▶ **Information supplied**
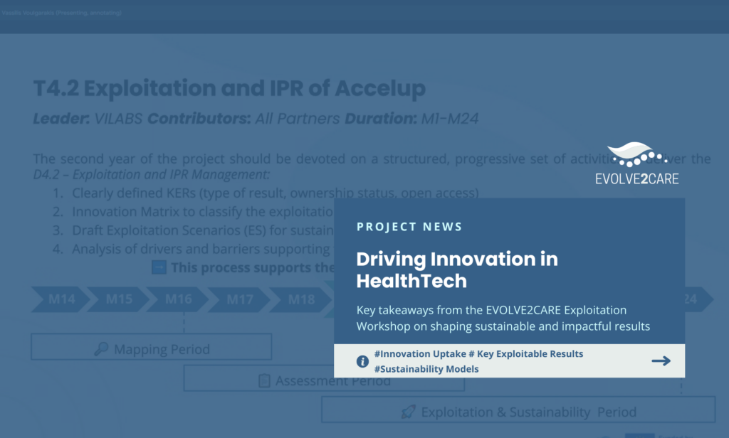 Funded by the European Union, EVOLVE2CARE focuses on HealthTech experimentation practice to standardize and enhance the collaboration between Living Labs and innovators in the context of the Transitional Care sector. The project will provide innovators with access to services for testing and validating research and products.
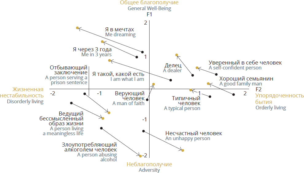 Рисунок 1. Пример семантического пространства динамики ролевых позиций в ходе гипнотерапии у пациентов наркологической клиники по факторам «Общее благополучие» ↔ «Неблагополучие» и «Упорядоченность бытия» ↔ «Жизненная нестабильность (готовность к переменам)»
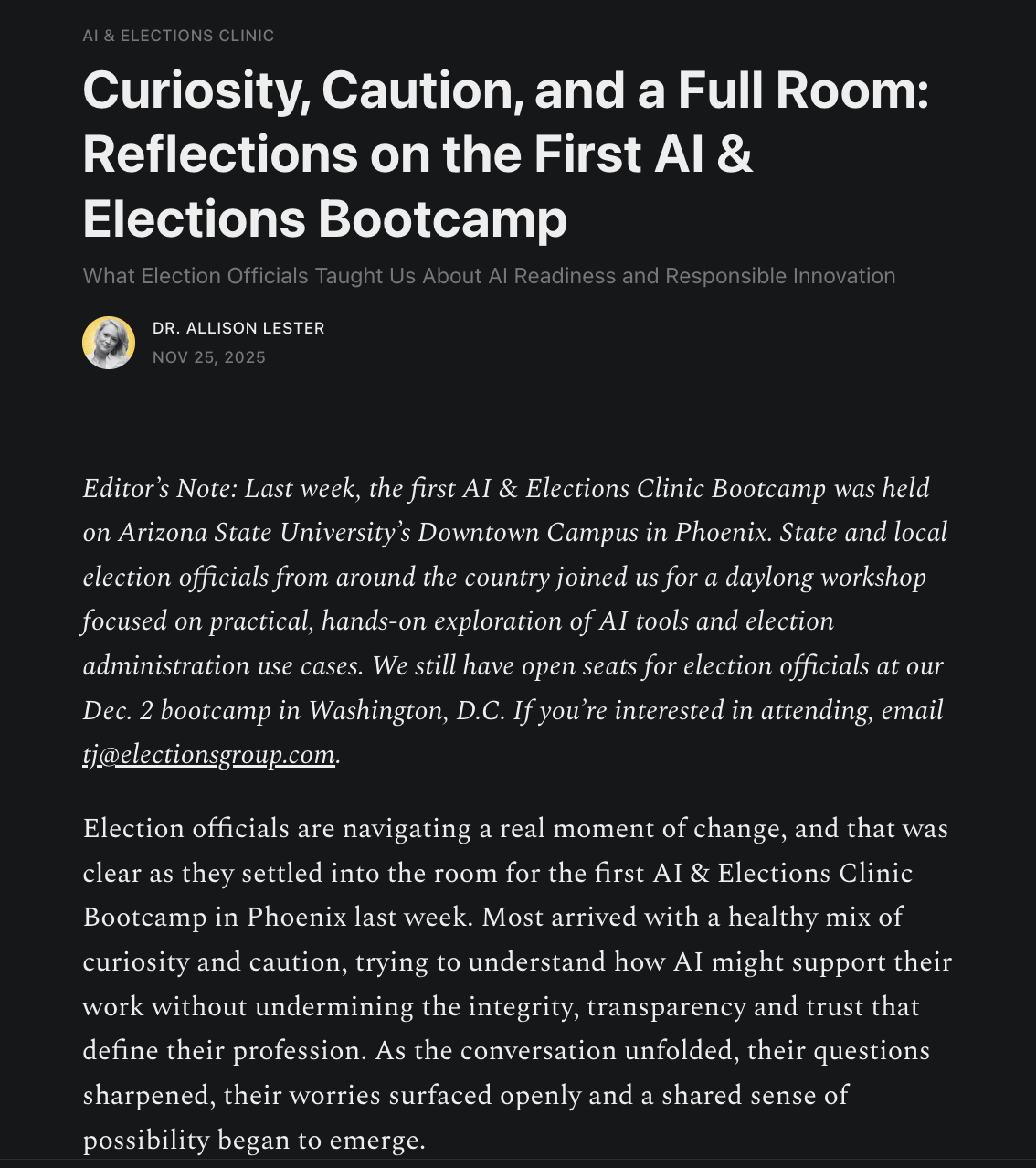 Lester, A. J. (2025, November 25). Curiosity, caution, and a full room: Reflections on the first AI & Elections Bootcamp. AI & Elections Clinic: Ideas & Implications.

▶ **Instructions to follow**
The lines to copy run from the line containing "Рисунок 1. Пример" through the end of the data above; copy exactly those, minus the pictures.

▶ **Written reply**
 Рисунок 1. Пример семантического пространства динамики ролевых позиций в ходе гипнотерапии у пациентов наркологической клиники по факторам «Общее благополучие» ↔ «Неблагополучие» и «Упорядоченность бытия» ↔ «Жизненная нестабильность (готовность к переменам)»
 Lester, A. J. (2025, November 25). Curiosity, caution, and a full room: Reflections on the first AI & Elections Bootcamp. AI & Elections Clinic: Ideas & Implications.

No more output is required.